I now see spikes even though

14 Dec 2016 23:40:33 UTC

Message 152815 in response to message 152812

(moderation:

)

I now see spikes even though I closed programs that would cause activity. You are right that the GPU is being used, but it is not effectively being used. I thought the spikes were due to my activity.

Betreger

Joined: 25 Feb 05

Posts: 992

Credit: 1647003361

RAC: 679310

This does not bode well. I

15 Dec 2016 1:19:28 UTC

Message 152819 in response to message 152814

(moderation:

)

This does not bode well. I look forward to getting onto them after I run out of BRPs.

Mad_Max

Joined: 2 Jan 10

Posts: 165

Credit: 2267805441

RAC: 679641

Strange i get heavy run-time

15 Dec 2016 2:43:02 UTC

Message 152824

(moderation:

)

Strange i get heavy run-time variation between my hosts despite the fact that they have same GPUs (Radeon 7850/7870) and similar processors (two 2 AMD FX8320 and AMD Phenom II X6)
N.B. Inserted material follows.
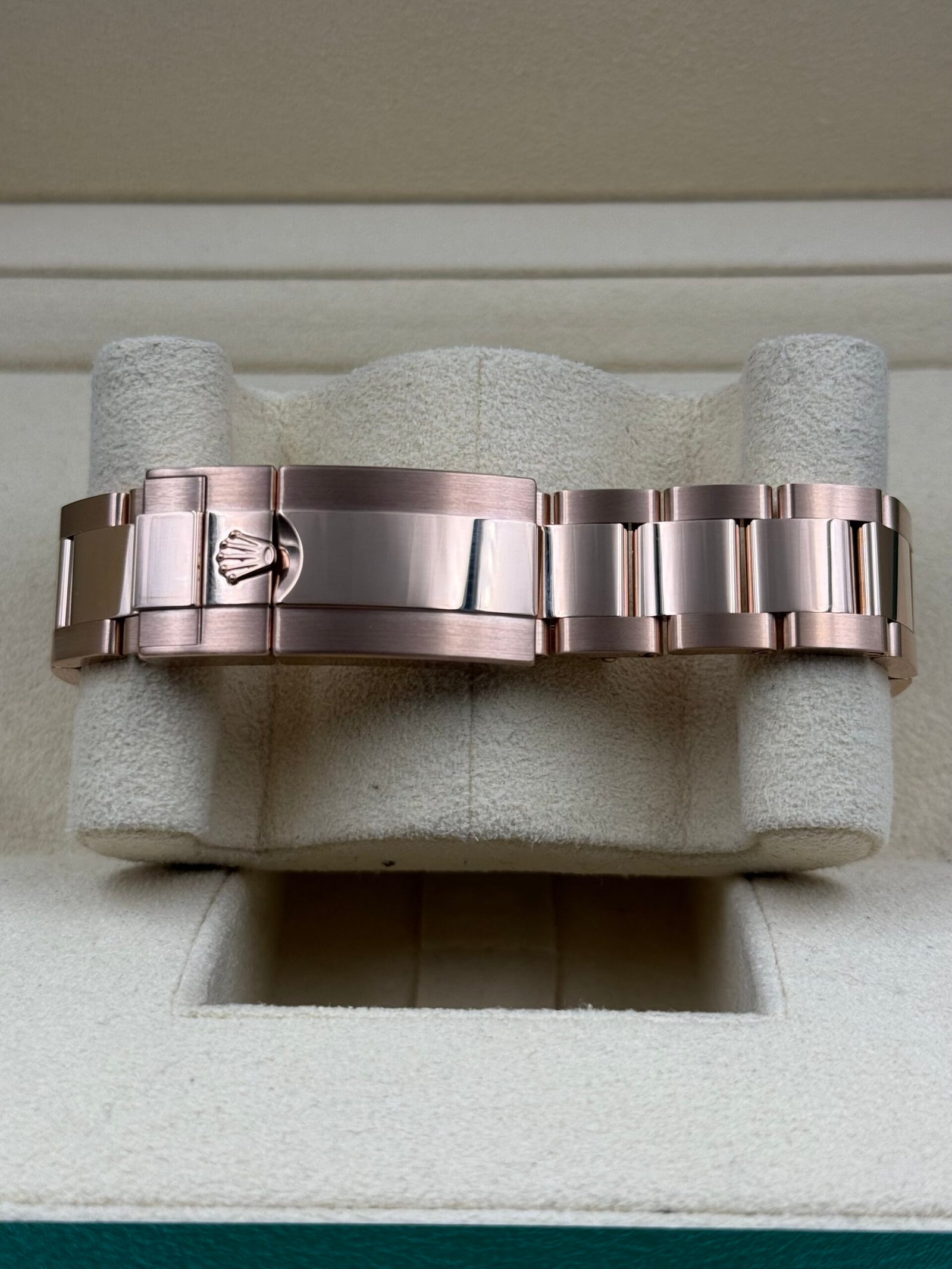 The Rolex Cosmograph Daytona Ref. 126505 comes equipped with a Rolex Oyster bracelet, crafted from solid 18k Everose gold. This luxurious bracelet seamlessly complements the watch’s overall design and ensures a comfortable and secure fit on the wrist throughout the day. The clasp features the Rolex Oysterlock safety clasp, ensuring the watch stays securely fastened. The use of Everose gold throughout the bracelet and case creates a cohesive and undeniably luxurious timepiece.

And also very nonlinear progress of WUs - longer they running the slower they become:
~50% after 1 hour of work
~75% after 2 hours
~90% after 3 hours
~95% after 4 hours
~98% after 5 hours
now @ 6 hours and not completed yet

Lol, it reminds me "paradox" of Achilles and the tortoise! (Achilles can never overtake the tortoise)

And app NOT freeze or stop working. CPU load about same all time: jumping in 30-100% range of 1 CPU core per each task. And GPU load at same level too: 20-40% for one task and 40-70% for 2 concurrent tasks on one GPU
Restart does nothing - WU successfully resumes from checkpoint but continue to work very slowly.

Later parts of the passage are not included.